What the task asks: Starting at the first line of the listing below, repeat each line exactly until the line containing "In einer modernen", which you include. Leave out pictures.

━━━ Supplied information ━━━

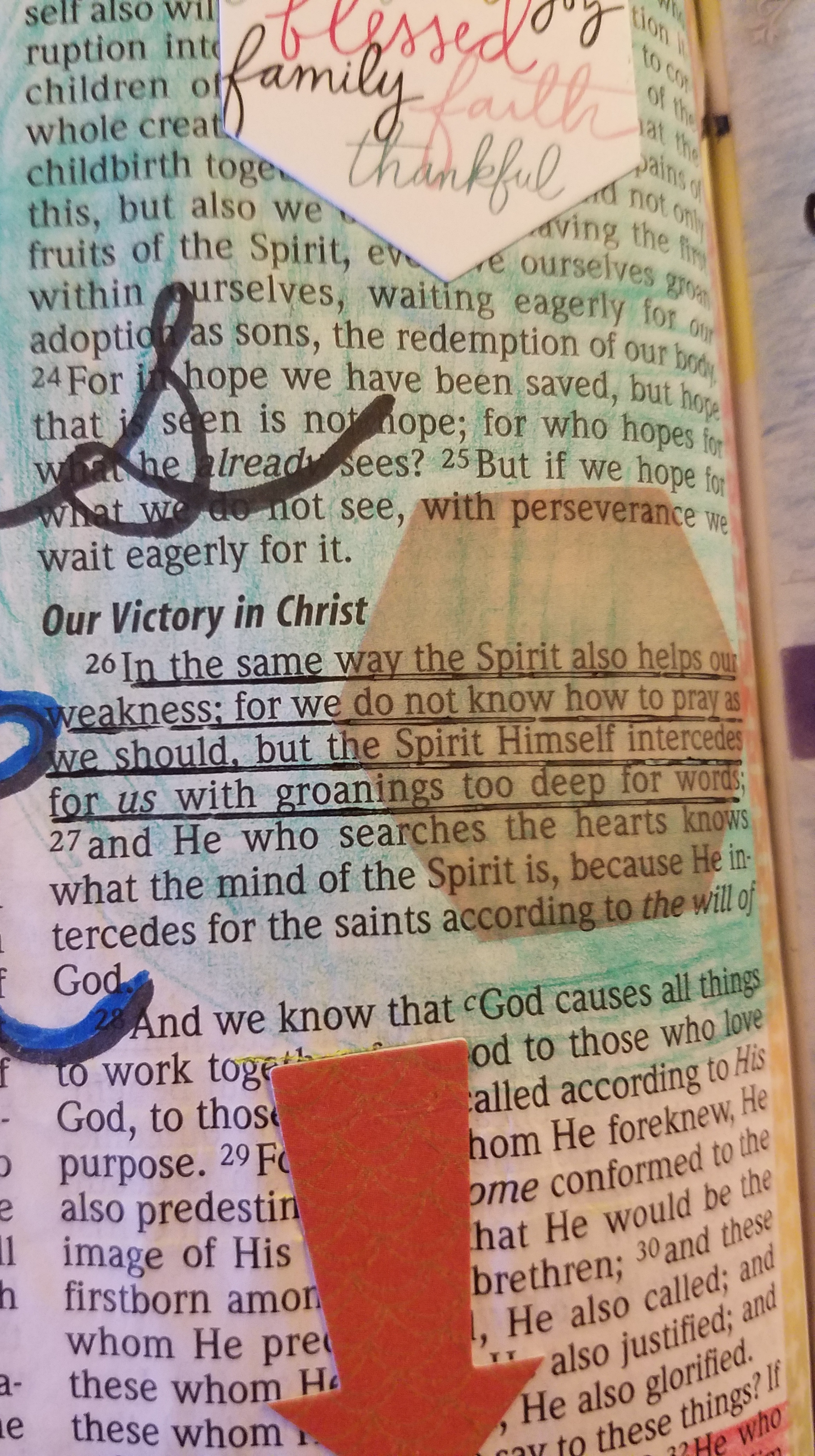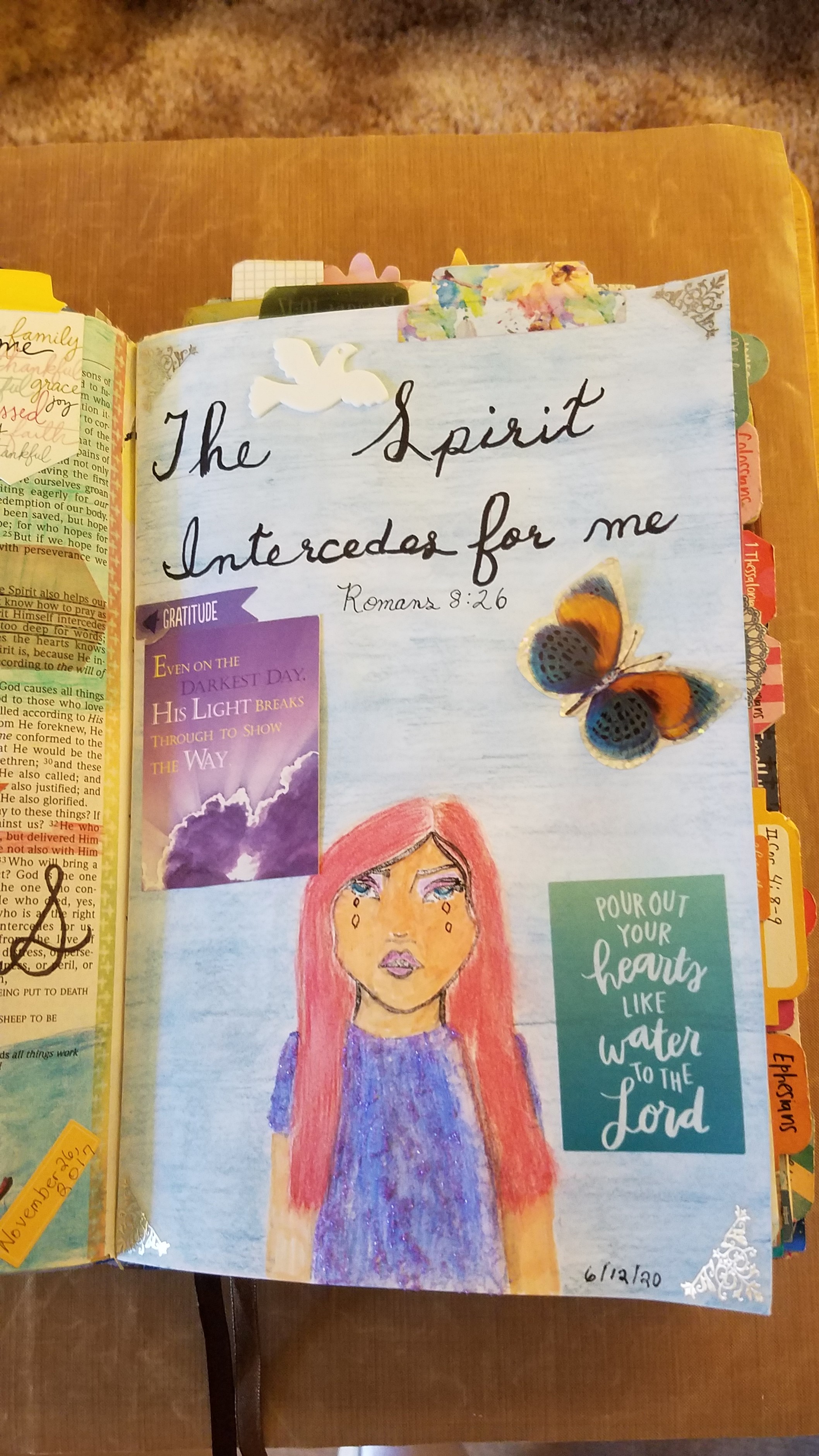Today’s Bible Journaling is from Romans 8:26, “In the same way the Spirit also helps our weakness; for we do not know how to pray as we should, but the Spirit Himself intercedes for us with groanings too deep for words.” (NASB) One of the functions of the Holy Spirit is to intercede for us.
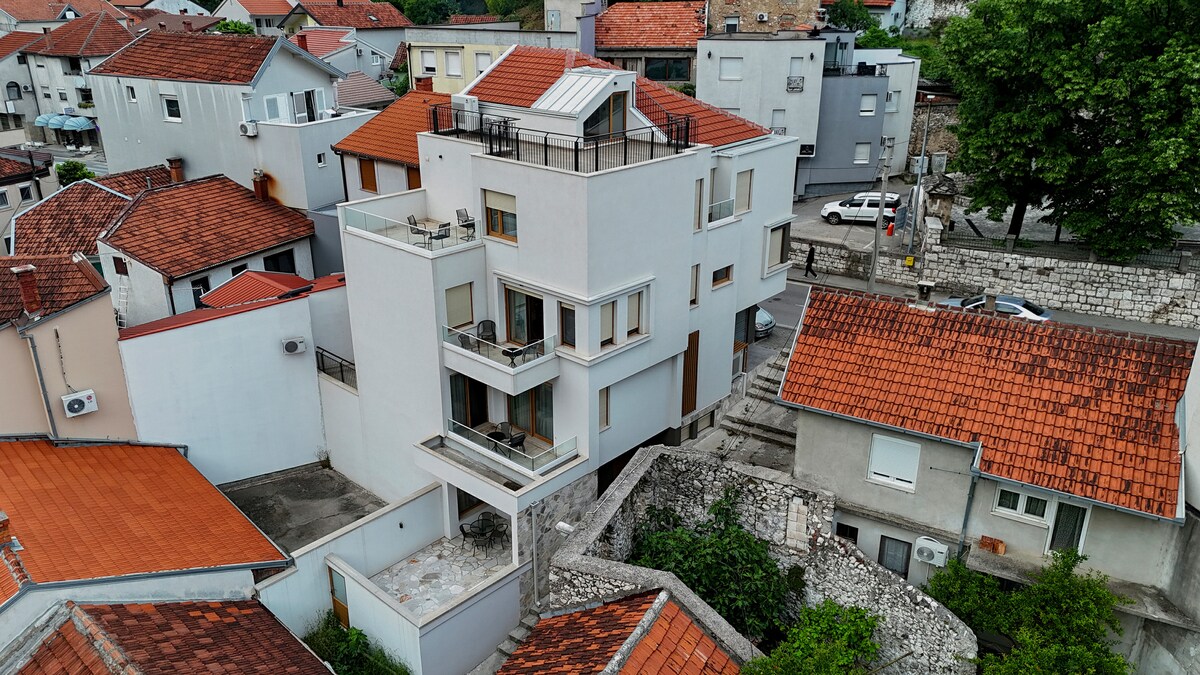 In einer modernen und dennoch charmanten Villa in der Altstadt von Mostar findest du diese einzigartige Unterkunft mit einer geräumigen Terrasse mit schönem Blick auf den Berg und den Fluss. Innerhalb weniger Gehminuten erreichst du den Kern der Altstadt von Mostar. In der Nähe der Villa findest du auch authentische Bäckereien, um die obligatorische bosnische Pita zu holen, und gemütliche Cafés, um deinen Kaffee zu genießen. Herzlich willkommen!
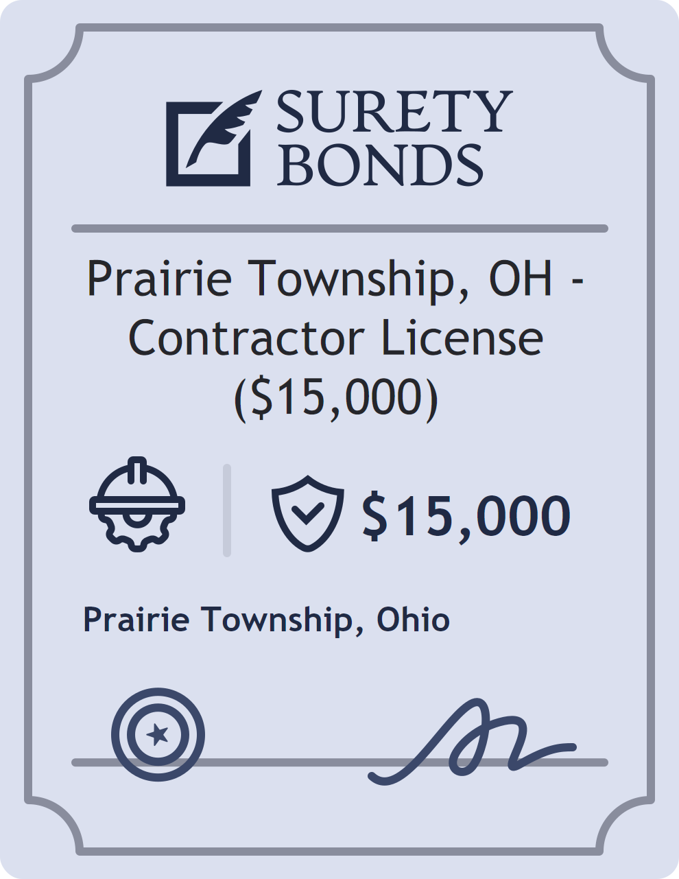 The Prairie Township, OH – Contractor License ($15,000) is classified as a Contractor Bonds with a $15,000 obligation in Ohio. Contractor Bonds are surety bonds required for individuals or businesses performing construction work. They guarantee that contractors will comply with building codes, licensing requirements, and contractual obligations. The bond provides financial protection to property owners and the public in cases of poor workmanship, regulatory violations, or unfinished work. The surety reviews financial strength, compliance history, and indemnity support before approving the obligation. Maintaining uninterrupted coverage for the entire 1 Year term is essential; lapses can trigger penalties, contract defaults, or license suspension in Ohio. Underwriters typically request financial statements, references, and proof of licensing before quoting terms so they can evaluate repayment capacity. Throughout the bond term, the principal must maintain accurate books, respond to regulator inquiries, and remediate any complaints to prevent a claim. Many authorities in Ohio also require renewal certificates 30 to 60 days in advance, and failure to provide proof can halt permitting or bid submissions. The $15,000 limit demonstrates to customers, partners, and oversight agencies that the bonded party maintains a reliable, surety-backed source of funds dedicated to ongoing compliance. The obligee for this bond is Prairie Township.

━━━

Output of the task:
Today’s Bible Journaling is from Romans 8:26, “In the same way the Spirit also helps our weakness; for we do not know how to pray as we should, but the Spirit Himself intercedes for us with groanings too deep for words.” (NASB) One of the functions of the Holy Spirit is to intercede for us.
 In einer modernen und dennoch charmanten Villa in der Altstadt von Mostar findest du diese einzigartige Unterkunft mit einer geräumigen Terrasse mit schönem Blick auf den Berg und den Fluss. Innerhalb weniger Gehminuten erreichst du den Kern der Altstadt von Mostar. In der Nähe der Villa findest du auch authentische Bäckereien, um die obligatorische bosnische Pita zu holen, und gemütliche Cafés, um deinen Kaffee zu genießen. Herzlich willkommen!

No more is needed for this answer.